London: Lung tissue of patients who suffer severely from COVID-19 shows good recovery in most cases, according to a study. The researchers at the Radbound University in the Netherlands found that the group which was referred by a GP did not recover as well as patients who were admitted to the hospital's Intensive Care Unit (ICU).
The study, published in the journal Clinical Infectious Diseases, included 124 patients who had recovered from acute COVID-19 infections. The patients were examined by CT scan and a lung functional test. After three months, the researchers took stock, which revealed that the patients' lung tissue is recovering well.
Residual damage in the lung tissue was generally limited, and was most often seen in patients who were treated in the ICU, they said. According to the study, the most common complaints after three months are fatigue, shortness of breath and chest pains.
"The patterns we see in these patients show similarities with recovery after acute pneumonia or acute respiratory distress syndrome (ARDS), in which fluid accumulates in the lungs," pulmonologist Bram van den Borst said.
"Recovery from these conditions also generally takes a long time.
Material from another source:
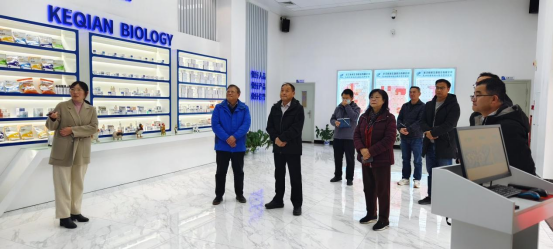 黃峰一行參觀了科前生物智能化GMP生產車間,公司總經理陳慕琳女士從公司發(fā)展歷程與人員結構、創(chuàng)新平臺和團隊建設、科技成果與創(chuàng)新方向等方面介紹了公司的發(fā)展情況。

It is encouraging to see that lungs after COVID-19 infections exhibit this level of recovery," van den Borst said in a statement.
In the study, the patients were divided into three categories: a group who were admitted to the ICU, patients who were admitted to a nursing ward in the hospital, and those who could stay home but experienced persisting symptoms that eventually warranted a referral from their GP.
The study assessed how patients fared after three months, and revealed that the patients who were referred to the aftercare clinic by their GP showed the worst recovery in the following period, the researchers said.
This latter group of patients was referred because of their persisting symptoms, they said. "However, it does seem that there is a clear subgroup of patients who initially experienced mild COVID-19 symptoms and later kept experiencing persistent long-term complaints and limitations," van den Borst explained.
"What is striking is that we barely found any anomalies in the lungs of these patients. Considering the variety and seriousness of the complaints and the plausible size of this subgroup, there is an urgent need for further research into explanations and treatment options," he said.